Un énorme mur, haut et massif, se dresse au milieu du plateau, le coupant en deux, de face à fond de scène. Il condamne chacun des interprètes à n'évoluer que d'un seul côté, définitivement séparé de l'autre. Un homme, une femme. Alain Buffard, Régine Chopinot.
A cet instant, on pourrait croire qu'un dualisme efficace est instauré. Qu'il permettra de décliner sagement la typicité de ces deux êtres, de leurs deux genres. Et qu'il conduira bien entendu à mieux les rassembler en fait, ainsi que le prescrit tout l'imaginaire du duo amoureux en général, et chorégraphique en particulier... Un, plus un, égaleraient deux, comme il se doit.
Mais rien ne fonctionne de façon aussi stable, suggère si bien le titre Wall dancin' wall fuckin', du dispositif exceptionnellement intelligent, et prenant, mis en œuvre par Alain Buffard La violente coupure de l'espace scénique par une paroi infranchissable crée une excavation dans la masse flottante des évidences. Elle instaure un dispositif à décadrer les regards, les creuser et les tendre, pour réinventer constamment les plans mouvants d'une mise en relation très problématique, purement imaginaire dès lors que sa concrétisation physique a été évacuée. Mais quelle relation ne se nourrit pas avant tout dans une projection imaginaire ?
Danseur, je te tiens, tu me tiens, dans notre ailleurs mental ; de la même façon qu'entre eux les deux performeurs. Ce mur – qui n'est d'ailleurs que de carton – danse dans la triangulation de l'action performative (des interprètes), de l'action perceptive (des spectateurs), et de l'action réflexive qui les projette, les constitue et les dépasse.

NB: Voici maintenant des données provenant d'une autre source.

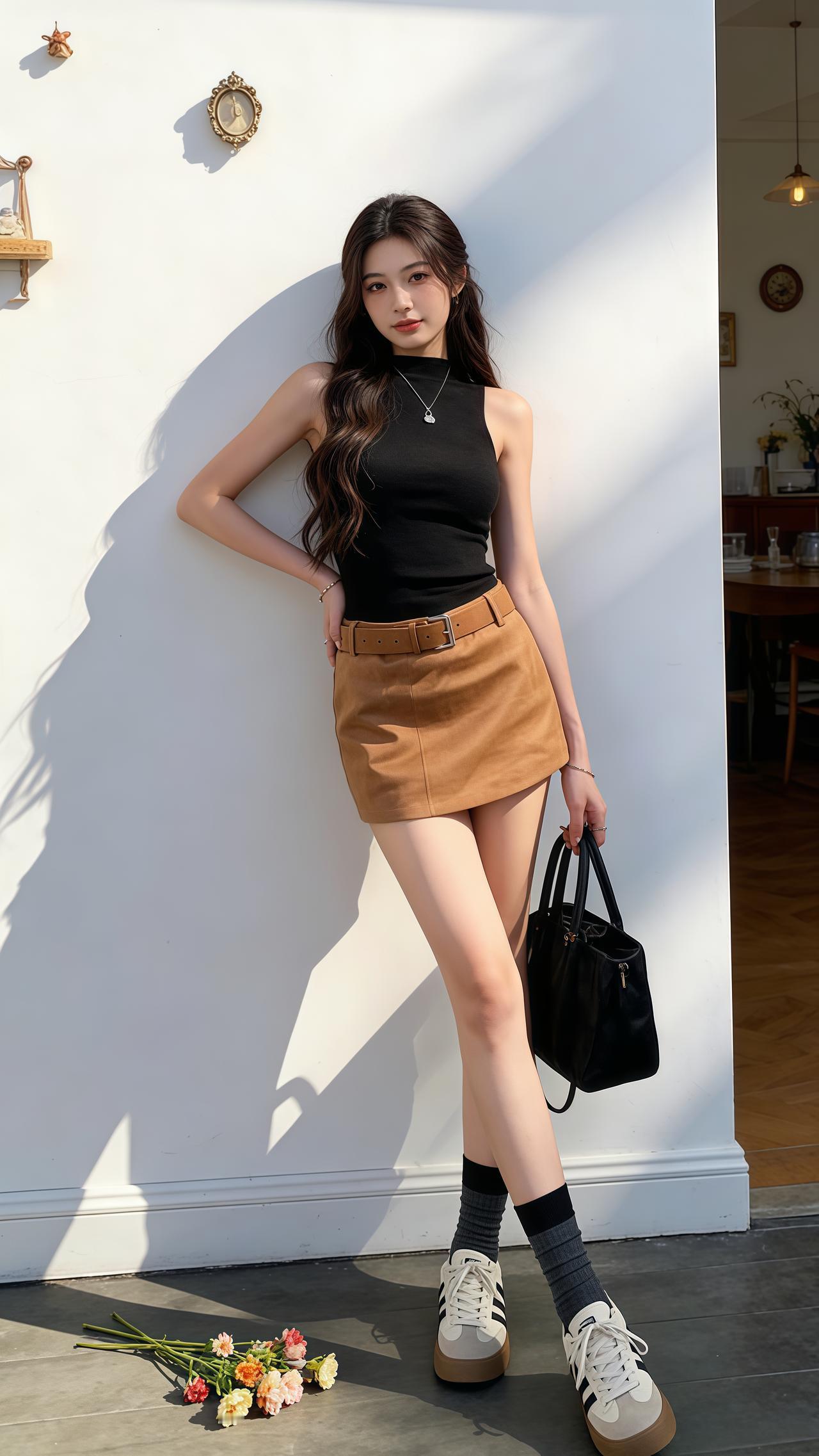 这套穿搭是温柔利落的黑蓝秋日风,把松弛质感与精致细节融合。黑色开衫自带温柔松弛感

Se génère une ivresse statique, dangereusement déstabilisatrice. Buffard, avec sa commissure de lèvres délicieusement sophistiquée – pas très masculine – et Chopinot avec ses moues butées d'intrépidité – pas si féminines – y trimballent une crâne présence à distances multiples, à niveaux striés, calmement extrêmes. Quoique très voisin des arts plastiques, Wall dancin, wall fuckin s'inscrit d'une pointe acérée dans le champ véritable de la danse. Il est une superbe expédition conceptuelle dans la pensée en actes de l'espace, créé par des corps saturés de signifiant dynamique.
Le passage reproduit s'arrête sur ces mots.